Seen at the Vaudeville.
Public Domain is a nice concept, soundly staged, but ultimately disappointing. There is some sharp, cynical writing here but it fails to develop. There is much repetition in the lyrics – I never again want to hear about a beautiful boat on the sea – I wish the writers Francesca Forristal and Jordan Paul Clarke had been less true to the verbatim idea and more prepared to develop their source into more of a narrative. Repeated digs at Facebook and Zuckerberg did not give this drive. I’m not sure how the story of Millie and Z (Swaggy) turned out, or maybe I’d tuned out by the end. The twist to the “old” person’s experience of social media gave a light touch towards the end.

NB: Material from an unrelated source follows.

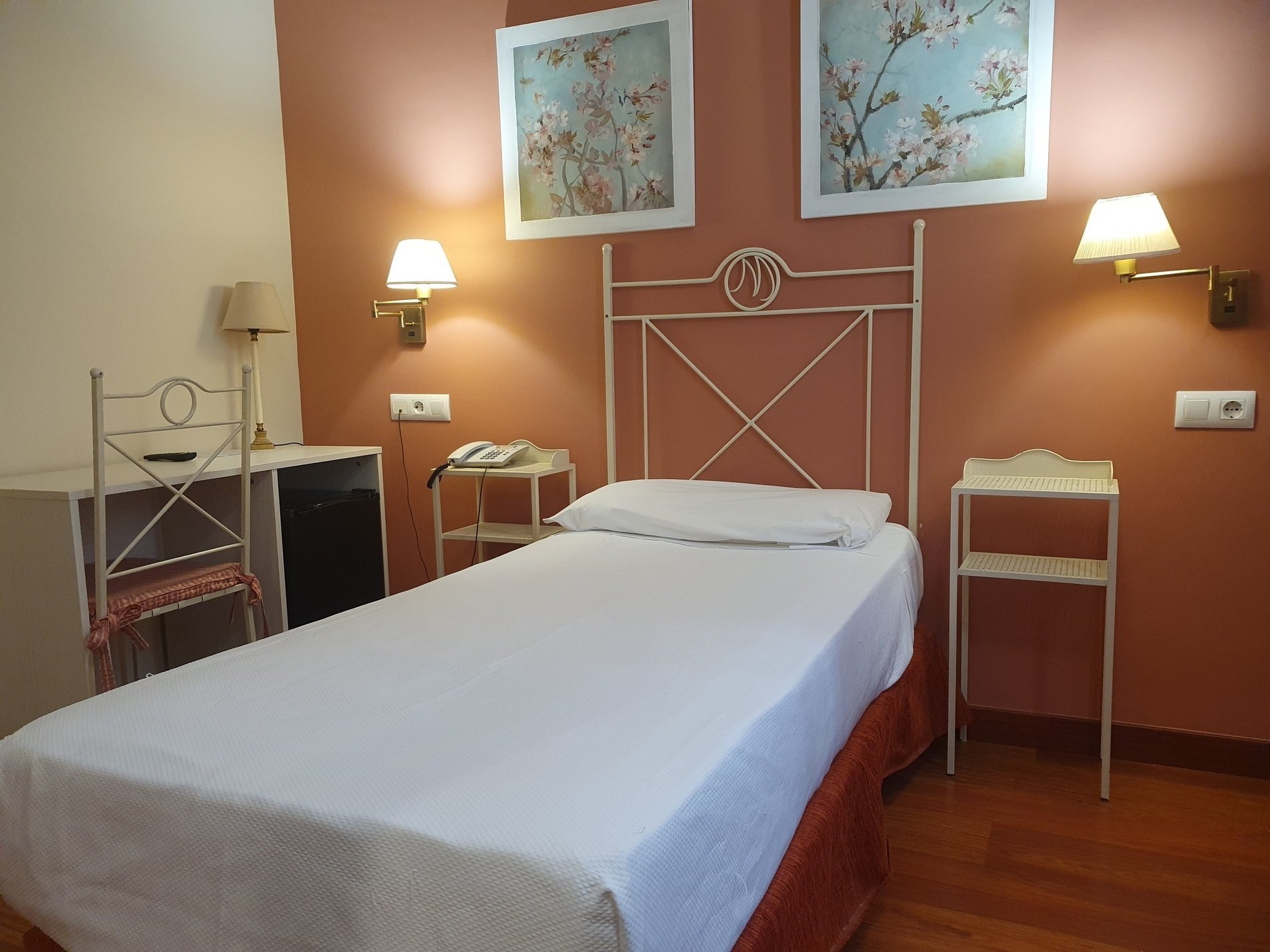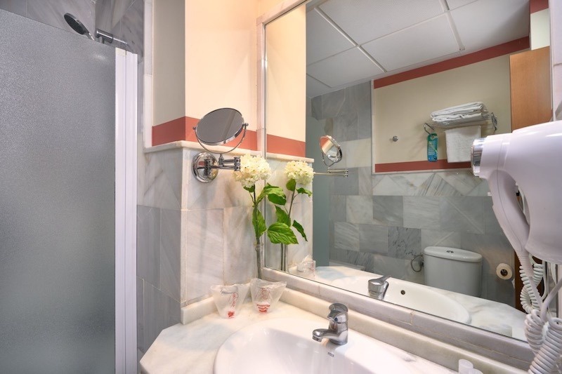El equipamiento incluye wifi gratuito, TV, teléfono, escritorio, secador de pelo y espejo de aumento. Incluyen también agua mineral de cortesía.

The staging with 4 large screens, constantly flowing with projected images, is fun. It accurately represented the onscreen experience although it did limit the performers’ ability to move around the stage to give us different images. The sound balance was slightly off for me – in the early scenes their voices were lost to the music.
Francesca Forristal gives a sparky performance and invests each of her characters with subtle differentiation so she can switch convincingly from one to the next in a word.
Jordan Paul Clarke bounces in with enthusiasm, effectively inhabiting his teenage YouTuber and eliciting sympathy in his battle with depression. Both performers have great voices which blend well together.
It’s a good show, with excellent performances and skilful technical presentation, but the writing lets it down. After 10 minutes I felt I’d seen the set-up, enjoyed the spectacle and was ready to invest in the next level. Sadly, they did not take us there.